## TASK ITEM
Every record below must be written out exactly. Leave out the pictures.

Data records
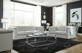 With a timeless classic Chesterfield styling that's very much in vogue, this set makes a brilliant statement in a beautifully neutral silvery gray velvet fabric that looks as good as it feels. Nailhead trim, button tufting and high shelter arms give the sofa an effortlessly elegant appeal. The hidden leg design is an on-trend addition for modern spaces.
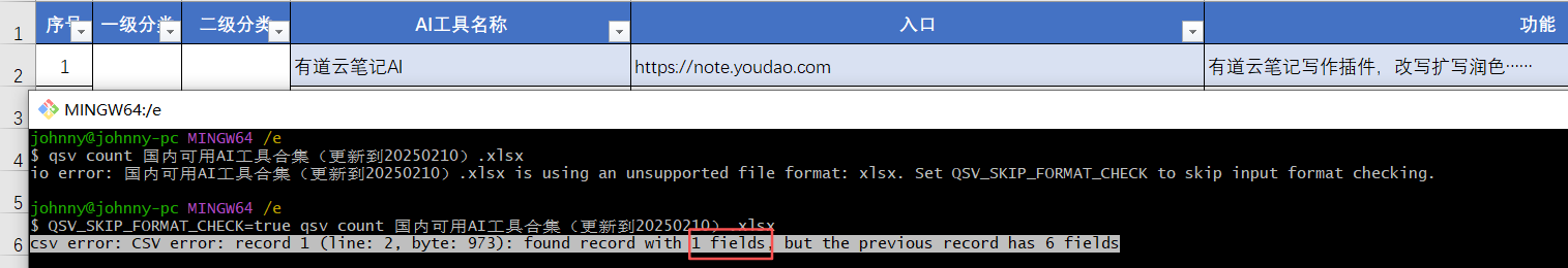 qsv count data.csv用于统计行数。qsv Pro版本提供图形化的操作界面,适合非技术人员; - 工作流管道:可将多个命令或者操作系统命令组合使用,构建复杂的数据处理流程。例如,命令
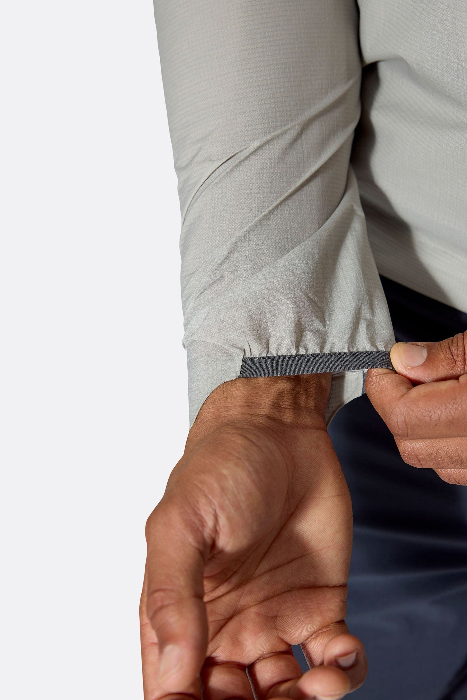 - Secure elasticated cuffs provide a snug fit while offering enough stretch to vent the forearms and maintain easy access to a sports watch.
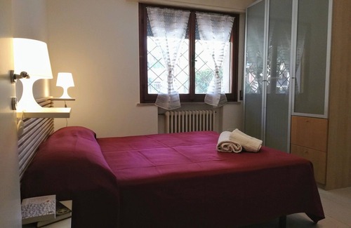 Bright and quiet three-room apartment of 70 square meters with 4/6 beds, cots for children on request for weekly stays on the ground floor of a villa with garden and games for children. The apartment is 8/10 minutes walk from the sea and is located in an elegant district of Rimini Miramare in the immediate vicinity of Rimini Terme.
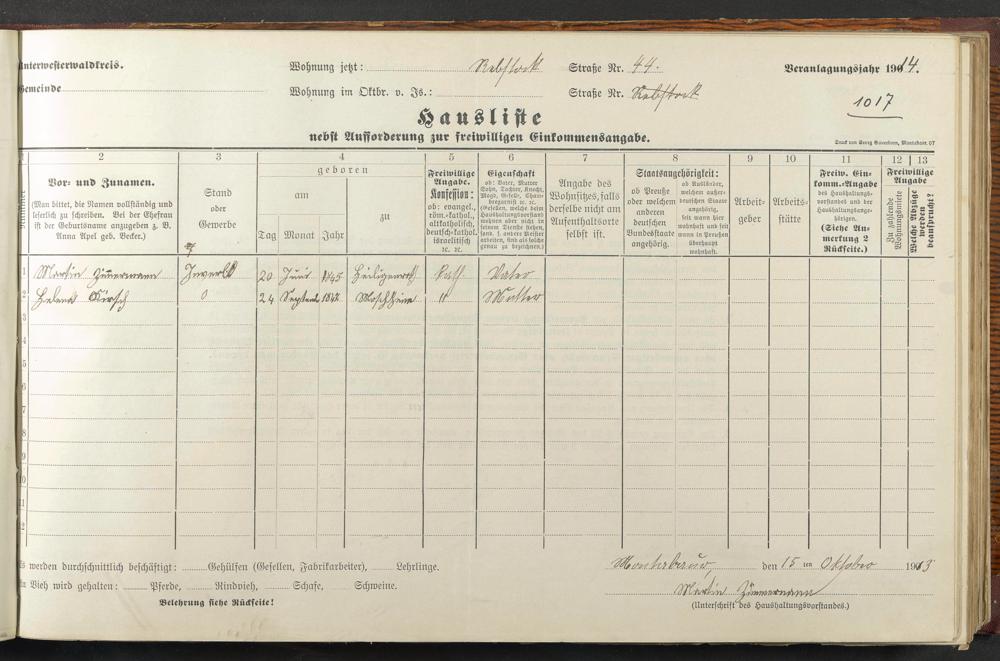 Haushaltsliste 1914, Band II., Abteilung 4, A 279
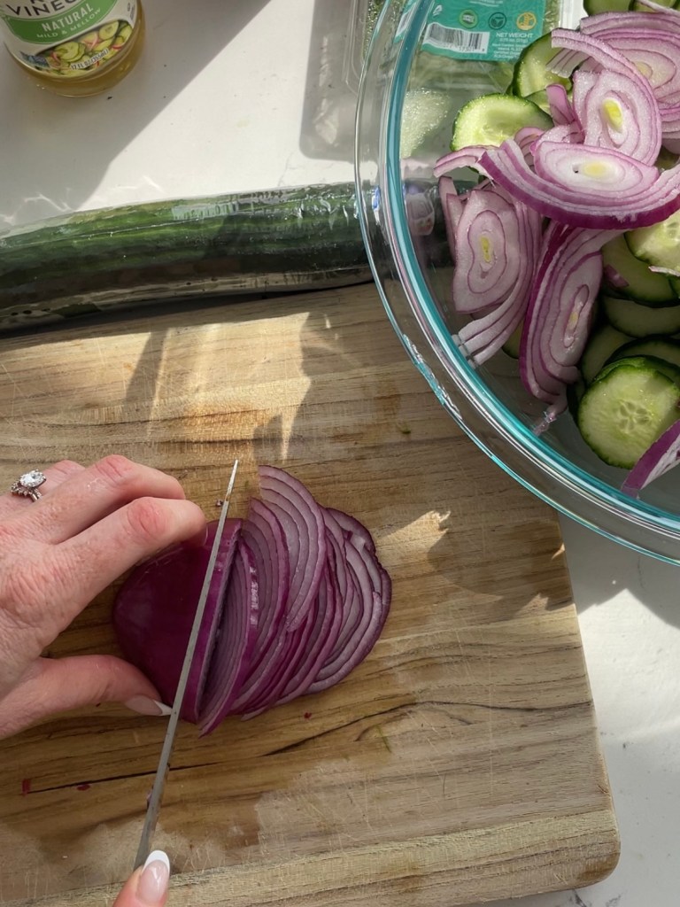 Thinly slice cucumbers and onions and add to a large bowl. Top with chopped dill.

## YOUR RESPONSE
 With a timeless classic Chesterfield styling that's very much in vogue, this set makes a brilliant statement in a beautifully neutral silvery gray velvet fabric that looks as good as it feels. Nailhead trim, button tufting and high shelter arms give the sofa an effortlessly elegant appeal. The hidden leg design is an on-trend addition for modern spaces.
 qsv count data.csv用于统计行数。qsv Pro版本提供图形化的操作界面,适合非技术人员; - 工作流管道:可将多个命令或者操作系统命令组合使用,构建复杂的数据处理流程。例如,命令
 - Secure elasticated cuffs provide a snug fit while offering enough stretch to vent the forearms and maintain easy access to a sports watch.
 Bright and quiet three-room apartment of 70 square meters with 4/6 beds, cots for children on request for weekly stays on the ground floor of a villa with garden and games for children. The apartment is 8/10 minutes walk from the sea and is located in an elegant district of Rimini Miramare in the immediate vicinity of Rimini Terme.
 Haushaltsliste 1914, Band II., Abteilung 4, A 279
 Thinly slice cucumbers and onions and add to a large bowl. Top with chopped dill.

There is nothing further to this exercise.